I agree that a lot of modern games will wind up as little more than curiosities for the physical copies, with the odd passion project hack to make something run on the Playstation 63 1/3 or PADD or whatever the new tech is in a decade. I can't claim I bought very many games within a couple months of release in the last decade, except for Borderlands 2 and Diablo III (and later Reaper of Souls). I've always had a struggle keeping current since a 'new' console for me has a hard time competing with the absolutely ridiculous amount of ps1 and ps2 JRPGs I can snag for half the price tag. JRPGs: Proof that once you start down the dork path, forever will it dominate your money's destiny.

I have an odd relationship with DLC and microtransactions. If a game I love comes along, I tend to throw money at it (Borderlands 2, World of Tanks hoo boy World of Tanks) or if I can only get something secondhand I buy a little bit as sort of half apology half tip to the devs. But outside of the two examples I don't feel the virtual collector's craze and I really don't like some of the more predatory tactics out there. especially chopped out game parts as DLC or pay-to-win.

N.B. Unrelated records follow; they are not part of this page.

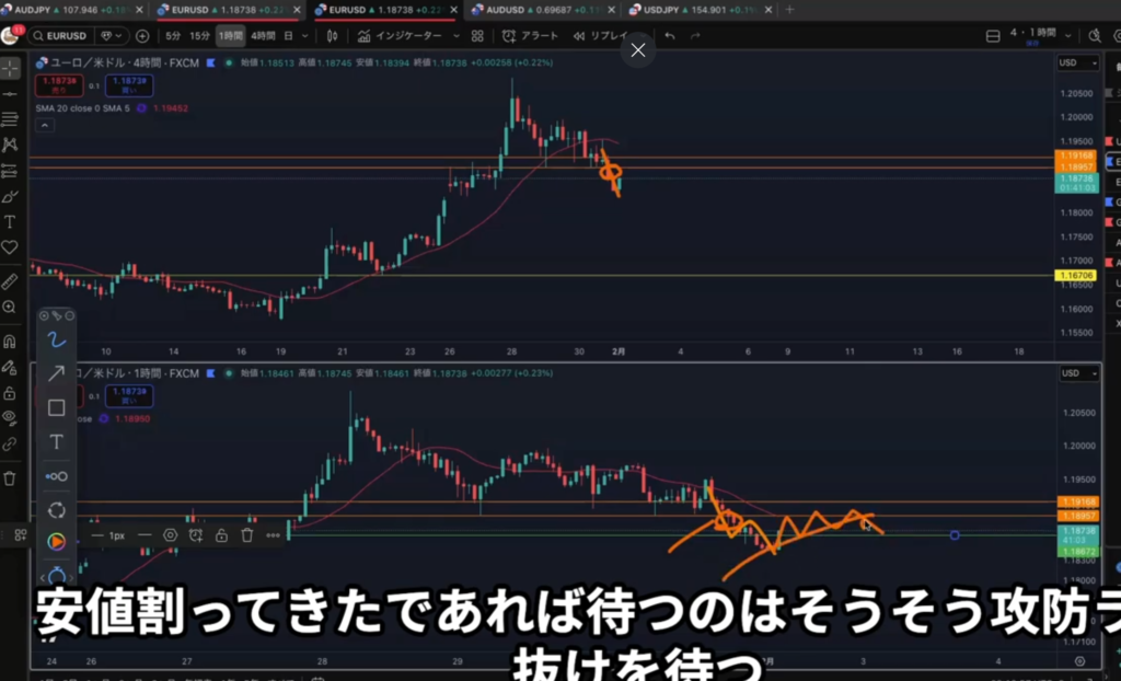 「4H,1H同時に安値を割ったら攻防ラインを引いて考えてみる」できてない・・・。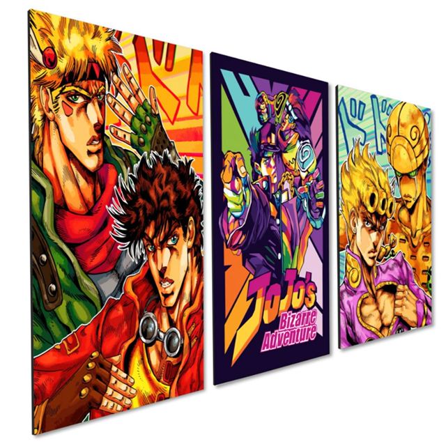 kit 3 Quadro Decorativo Anime JoJo's Bizarre Adventure Quarto Sala Geek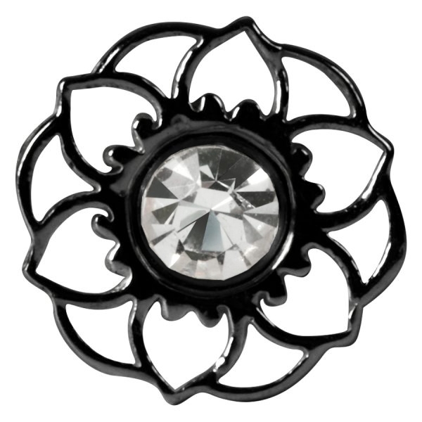 Push-Fit Labretstav i Bioplast® med en 8 mm stor mandalablomma i silver och en liten glittrig vit sten i mitten.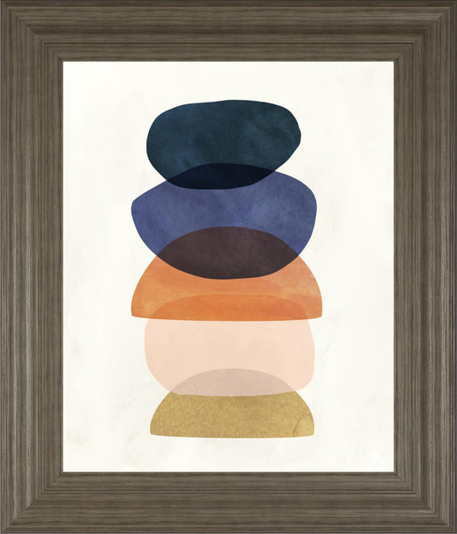 Classy LivingThis captivating abstract art piece features a serene stack of translucent pebble-like shapes in deep teal, navy, burnt orange, soft peach, and mut...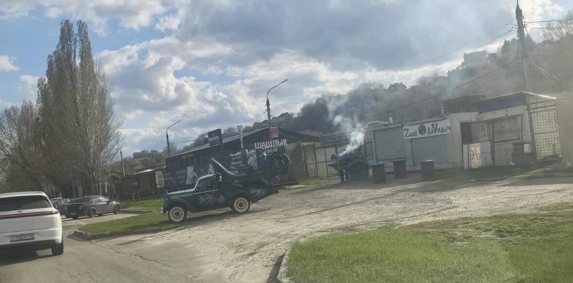 «Общепит находится на муниципальном участке у дороги. Продают без документов. Там вывеска и несколько странных "арт-объектов": мангал в виде головы дракона, машина с драконами и вывеской, плакат с названием "Zмей ДаVыдыч". Используется символика СВО и изображение герба Воронежской области», – сообщают местные жители.

I think when it comes down to it is that in the not so distant future a lot of games are going to be unplayable, and while there is a lot of crap out there, good games, even great games are going to disappear. I mean, you can still run a cart-based game or anything before ps3/360 or so since all you need is the game and the console (usually anyway), but just about anything from current times? I know it's more-or-less repeating the OP but that's what's going to happen, and I think its kinda sad.